• [REQUIRED WORK]:
Transcribe exactly everything in the data below from the line containing "当前位置: 首页 >贵州省贵阳市纹身店-贵阳魔魂刺青纹身图案>遮盖纹身用鲤鱼对付纹身图片" down to the line containing "Mein GT macht", both lines included and nothing further.

START MATERIAL TO PROCESS

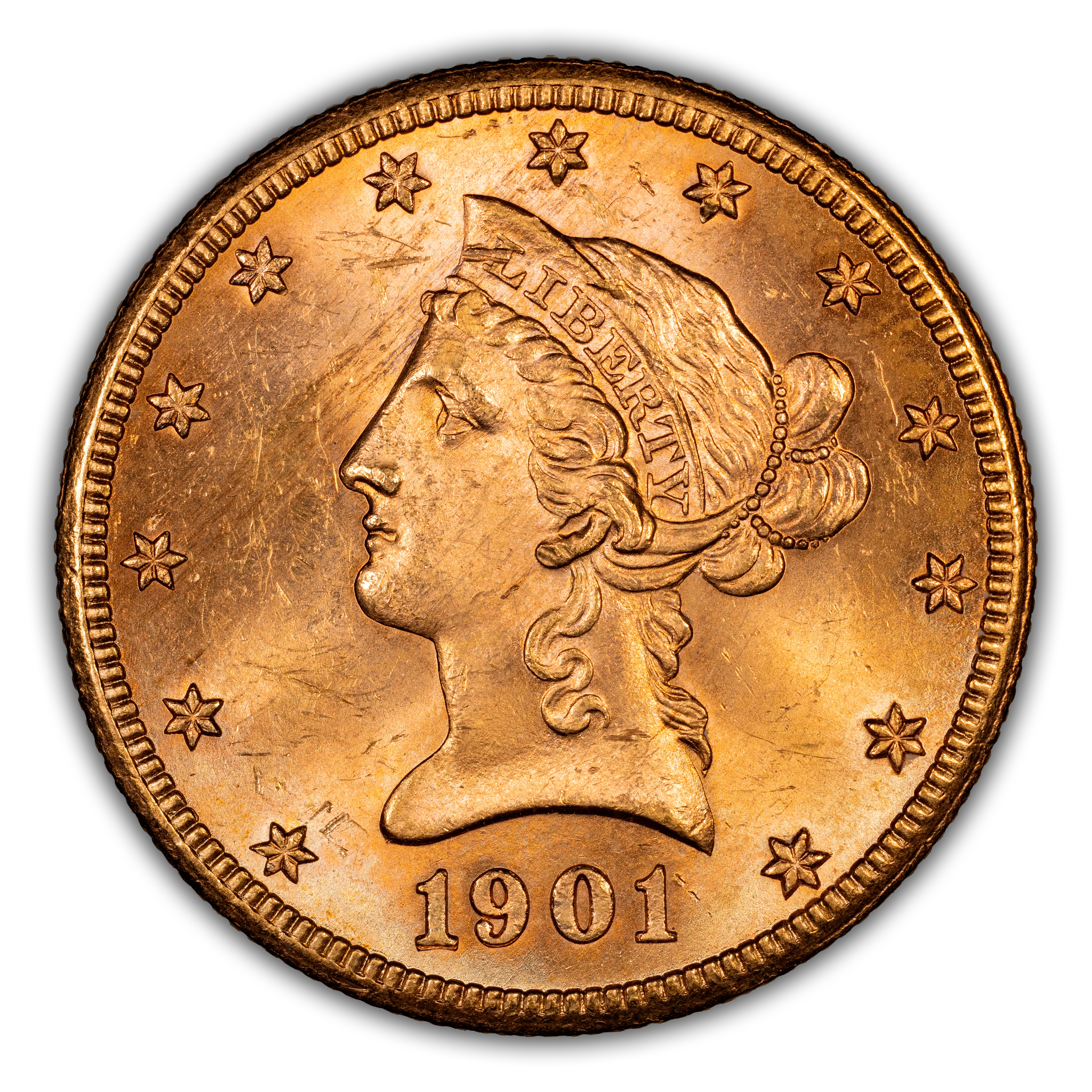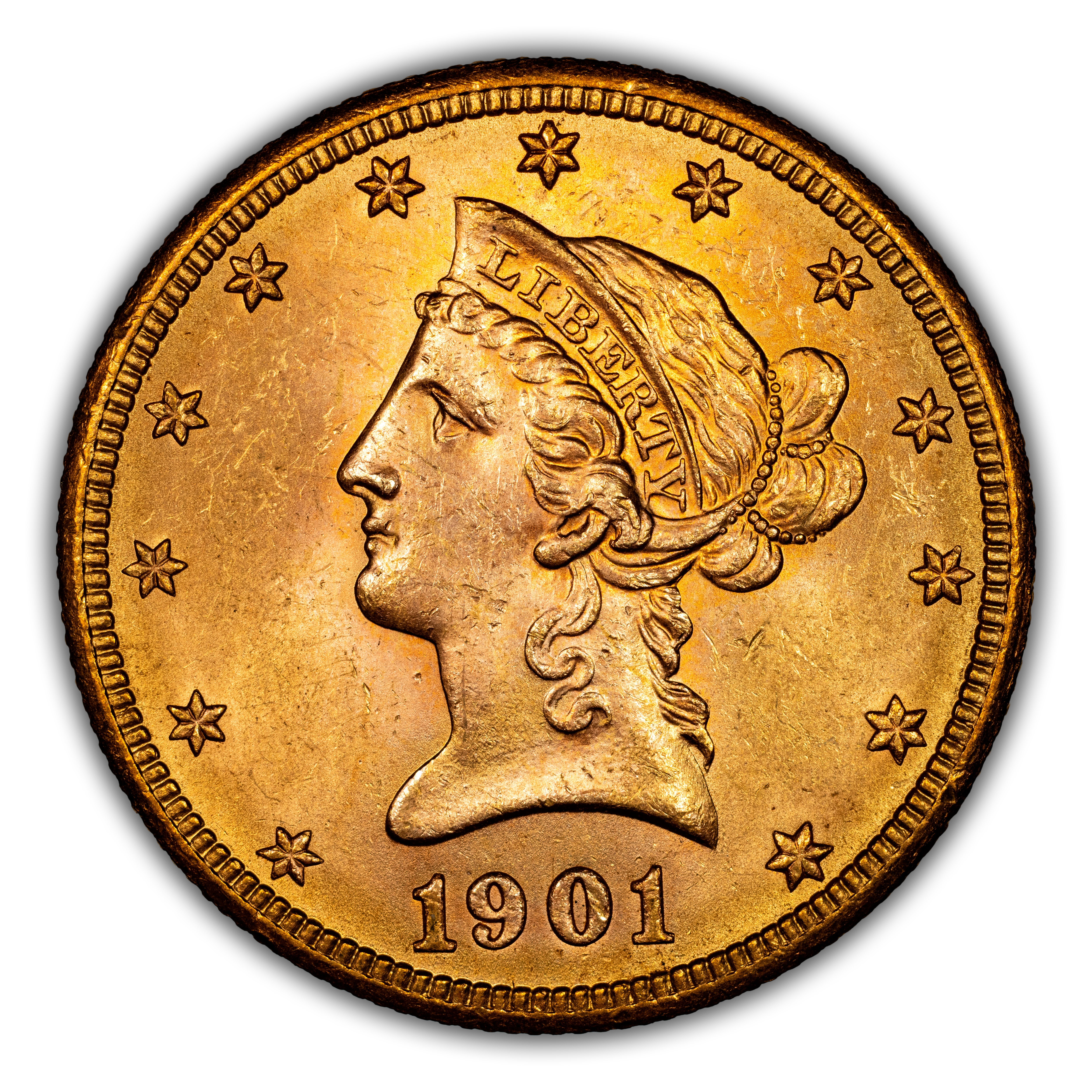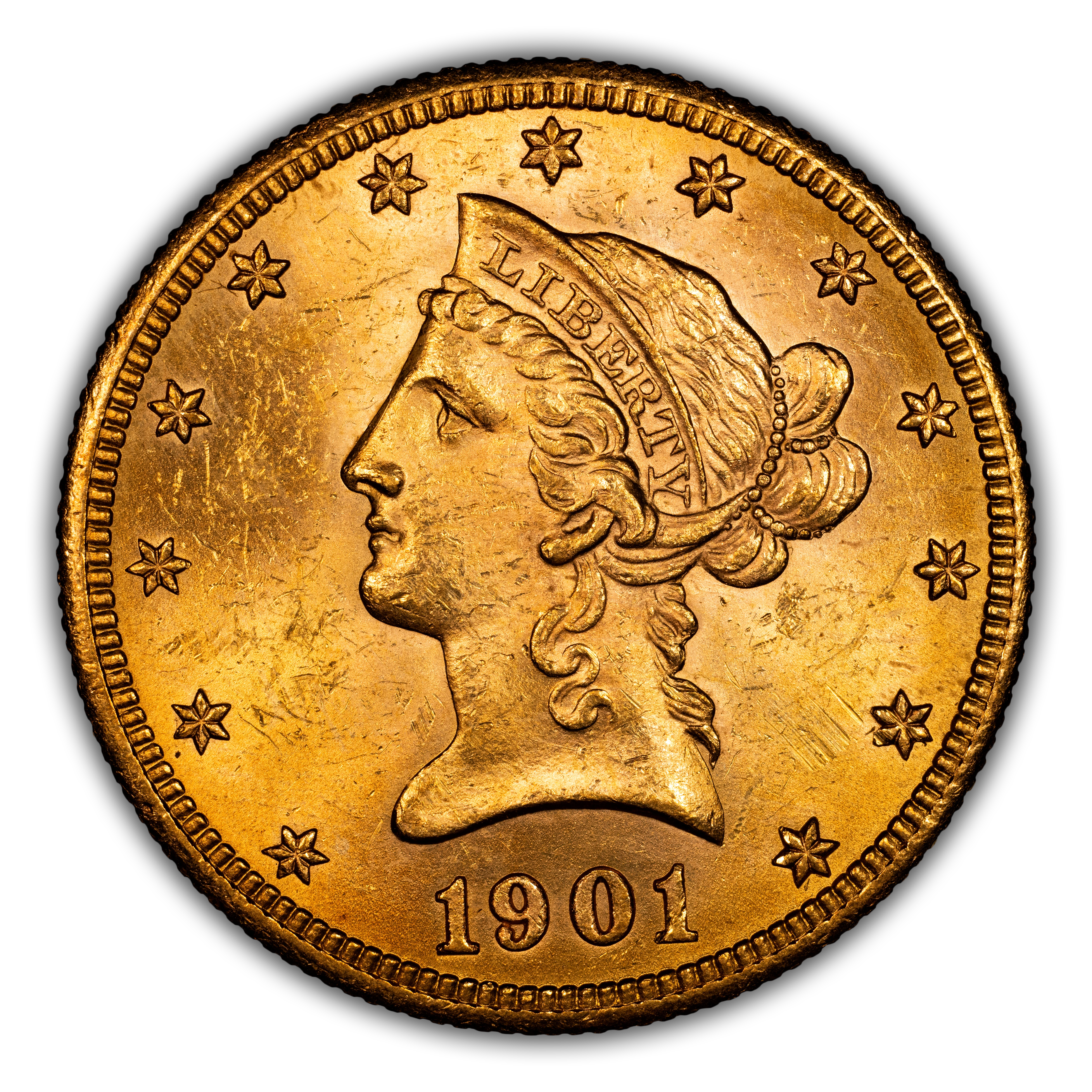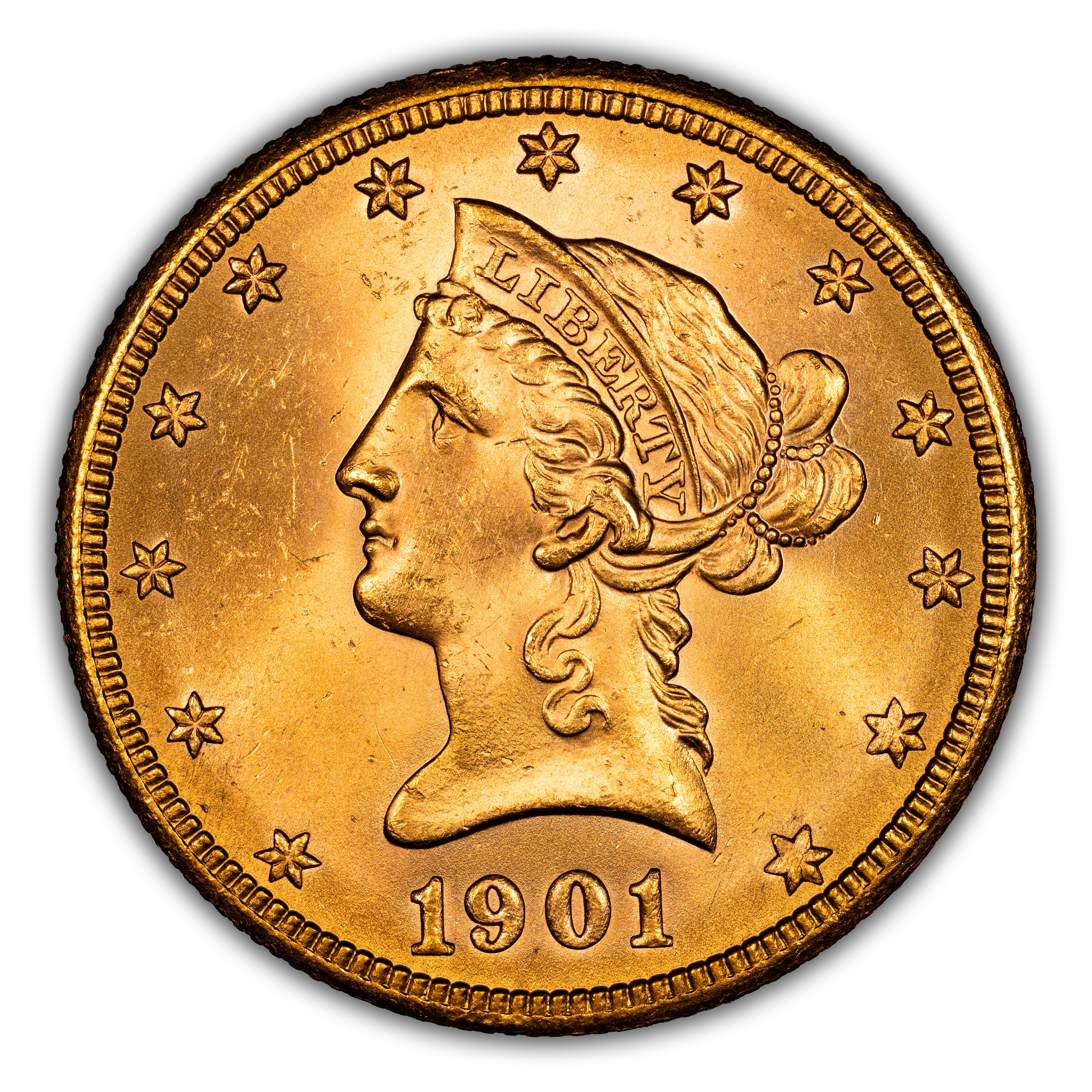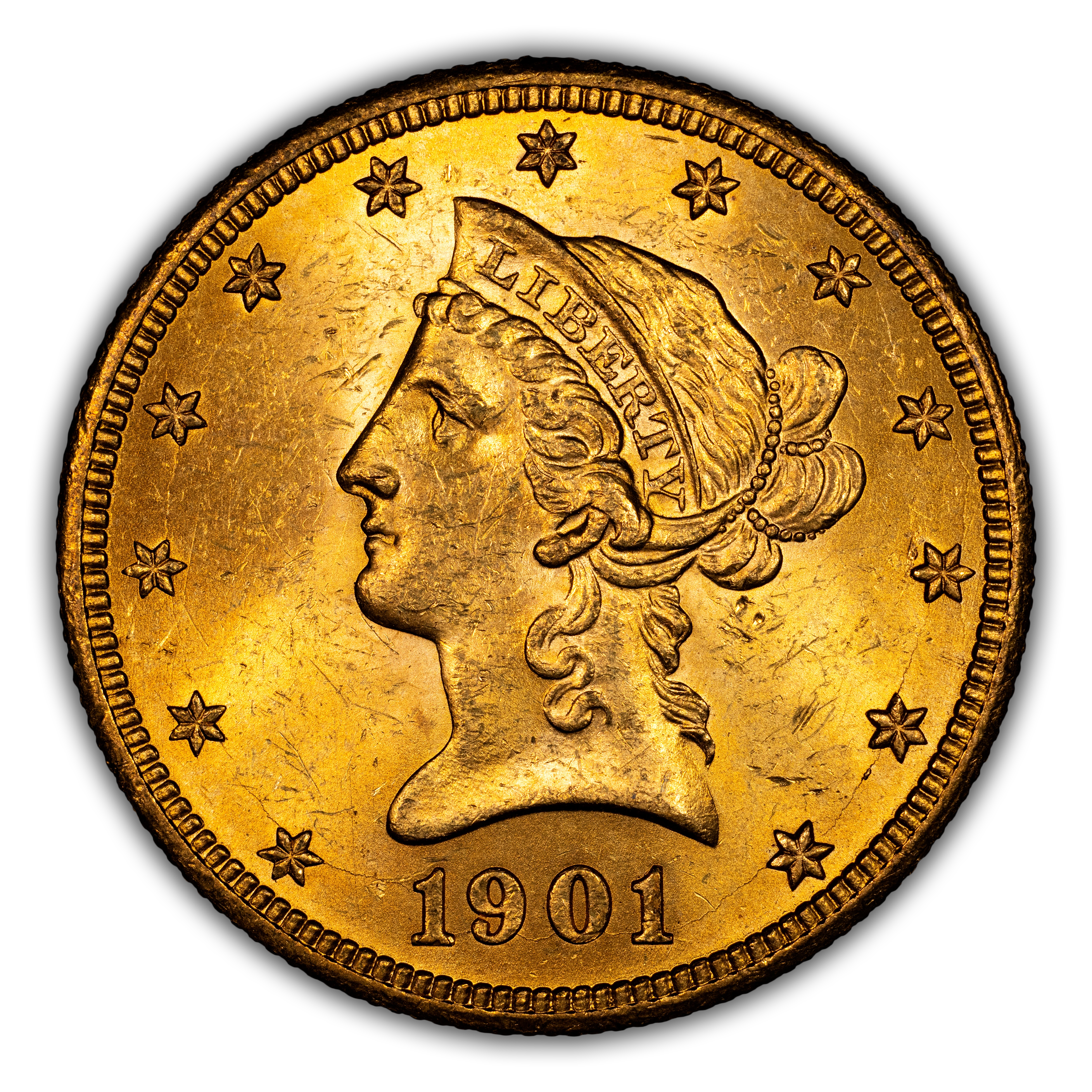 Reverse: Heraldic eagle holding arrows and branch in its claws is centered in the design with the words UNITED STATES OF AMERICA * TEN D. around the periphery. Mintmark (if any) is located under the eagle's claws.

END MATERIAL TO PROCESS
START MATERIAL TO PROCESS

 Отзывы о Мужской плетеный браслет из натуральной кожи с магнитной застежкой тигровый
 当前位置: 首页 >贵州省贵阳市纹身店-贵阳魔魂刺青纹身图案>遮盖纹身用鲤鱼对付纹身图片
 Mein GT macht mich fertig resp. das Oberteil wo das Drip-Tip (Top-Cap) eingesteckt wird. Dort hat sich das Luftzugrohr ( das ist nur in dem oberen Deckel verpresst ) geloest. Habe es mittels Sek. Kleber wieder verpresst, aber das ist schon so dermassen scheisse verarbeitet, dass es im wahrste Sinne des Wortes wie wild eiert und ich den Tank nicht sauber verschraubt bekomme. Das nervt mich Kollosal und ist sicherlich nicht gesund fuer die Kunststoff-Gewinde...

END MATERIAL TO PROCESS

• [RESPONSE TO THIS TASK]:
 当前位置: 首页 >贵州省贵阳市纹身店-贵阳魔魂刺青纹身图案>遮盖纹身用鲤鱼对付纹身图片
 Mein GT macht mich fertig resp. das Oberteil wo das Drip-Tip (Top-Cap) eingesteckt wird. Dort hat sich das Luftzugrohr ( das ist nur in dem oberen Deckel verpresst ) geloest. Habe es mittels Sek. Kleber wieder verpresst, aber das ist schon so dermassen scheisse verarbeitet, dass es im wahrste Sinne des Wortes wie wild eiert und ich den Tank nicht sauber verschraubt bekomme. Das nervt mich Kollosal und ist sicherlich nicht gesund fuer die Kunststoff-Gewinde...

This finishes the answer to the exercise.